I’m up early. It is cold but a little less windy. The wind must be on shore in Boston, for it is up to 33.  (+1 Celsius) Meanwhile in Jacksonville I see it is 28, (-2 Celsius) and in a western suburb of Jacksonville it is 23. (-5 Celsius) In Tallahassee I see it is 25 at 4:00 AM. So they match me, in the hills of New Hampshire, for we are also at 25. -4 Celsius)

I must be a mean sort of fellow, for I always get a snarkie satisfaction when the people who bailed out on their communities to flee the northern cold get chased down by the cold.  However  I do feel for the farmers down there, who must have their sprinklers spraying like mad, to try to beat the frost.

This is the peak of the cold wave, sort of like when the wave has charged up the beach and is all around your sand castle, but the water is just starting to suck back down to the next wave. What weather geeks are focused on is how soon the next wave will come, and how far back the cold will draw before the next wave comes charging.

In the winter of 1976-1977 the cold just kept coming, in some ways more like a stream than a wave, straight down from the North Slope of Alaska, all December. However Joe Bastardi has been examining other analog winters on his blog at Weatherbell, and in other analog cases there was what he calls “a pull back” during December, before winter grew more extreme again in January.

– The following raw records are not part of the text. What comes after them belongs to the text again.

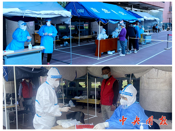 “请保持两米线距离”、“请扫描健康宝”、“请测量体温”……在核酸检测采样点,工作人员和志愿者们积极引导参检人员有序排队。校长办公室、社区居委会、研究生部、总务部、万年青宾馆、国基物业、食堂、保安队安排专人到场组织人员、核查信息、维持秩序。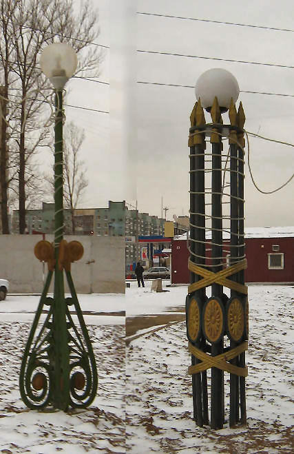 Правый похож на фонари на 1-ом Садовом, без навершия и вместо навесного фонаря - плафон.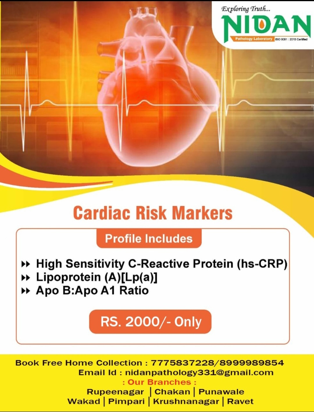 CARDIAC PROFILE C :A cardiac profile test is a diagnostic assessment that evaluates overall heart and circulatory system health by measuring specific blood biomarkers like cholesterol, lipids, and enzymes, and sometimes includes ECG (electrocardiogram) and echocardiogram to detect conditions that increase the risk of heart attack or disease. It helps monitor cardiac biomarkers, identify risk factors, and can be a routine check-up for those over 40 or with symptoms like chest pain or breathlessness. What a Cardiac Profile Test Checks For The specific components of a cardiac profile can vary, but often include tests for: Lipid Profile: Measures levels of cholesterol and fats (lipids) in the blood, which are important indicators of heart health. Cardiac Enzymes: Such as CPK-MB (Creatine Phosphokinase-MB) and LDH (Lactate Dehydrogenase), which can signal damage to heart muscle. High-sensitivity C-Reactive Protein (hsCRP): An indicator of inflammation in the body that may be linked to heart disease risk. Homocysteine: A compound in the blood that, at high levels, can increase the risk of cardiovascular disease. Liver Function Tests (LFT) & Kidney Function Tests (KFT): Included in comprehensive cardiac profiles to assess overall health. Why It's Performed Risk Assessment: To determine a person's likelihood of developing heart disease within a 10-year timeframe. Early Detection: To identify early signs of heart-related problems before serious complications arise. Monitoring: To monitor the health of the heart in individuals with existing heart conditions or those at high risk. Symptom Evaluation: To help diagnose the cause of symptoms such as chest pain, shortness of breath, fatigue, or swelling. Who Should Get One Adults over the age of 40. Individuals experiencing symptoms like chest pain, breathlessness, heart palpitations, or fatigue. People with known risk factors for heart disease, including a family history or other underlying conditions. Welcome to Nidan Pathology Laboratory, your trusted partner in comprehensive healthcare services., we specialize in delivering accurate pathology blood tests and preventive health check packages. Our commitment lies in providing accessible healthcare solutions to the residents of Pimpri Chinchwad Pune city. With a focus on convenience and affordability, we offer free home collection services, ensuring that healthcare remains convenient and accessible to all. Experience quality healthcare services at affordable prices with Nidan Pathology Laboratory – your trusted healthcare partner in Pimpri Chinchwad Pune. We are fast growing health care organization. A pioneer in the health care arena, Nidan Pathology Laboratory has been at the fore front of world class health care services. Our fundamental mission is to propagate healthier living for all our citizen. Nidan Pathology Laboratory is doing a pivotal role in raising the bar of health diagnostic accuracy, technological equipment, customer experience and research-driven empathetic service in the health industry. The company runs health care services like-: pharmaceutical, herbal & nutraceutical company, other hand company also working with hospitals & clinic, diagnostics, ambulance services, blood bank, ngo, old age home care, pet care & medicine, nursing services, online medicine, online consultation, and also work with concept of health care @ the home services. In our country the healthcare industry is undergoing a revolutionary change due to the increasing awareness about lifestyle disease, growth in gdp, knowledge about preventive healthcare, growing health insurance market, and growing government expences on healthcare. Why Choose Nidan Pathology Laboratory? Regular checkups are an essential part of maintaining good health. At our pathology lab, we offer a comprehensive range of services to help you stay on top of your health game. Our team of experts is committed to providing you with the highest level of care and support, using the latest technology and techniques. Mission, Vision, Value MISSION A reliable, one-stop-solution for all healthcare needs of all categories of patients. To create impact by becoming an active participant in local community initiatives and contribute to its well-being and development. Vision At Nidan Pathology Laboratory we aim to dedicate ourselves to human care through excellence in health care services and improving health standards through preventive care. Value QUALITY EFFICIENCY COST INNOVATION DEPENDABILITY SPEED

It is a case of pick-your-poison, for if we do get a break in December, the winters seem to last longer. In 1976-1977 the worst was over in early February, though by no means did it become spring-like, until a day I still fondly remember, in mid-March.

We only had a dust of snow last night. At 5:15 AM it is still starry out, with the the starlight slightly dimmed by some sort of high haze. There is still no sign of dawn. An owl gave me a single “Whoo-hoooo” just as I turned to go in. Maybe it was a “good morning”, though it sounded more like something vaguely rude.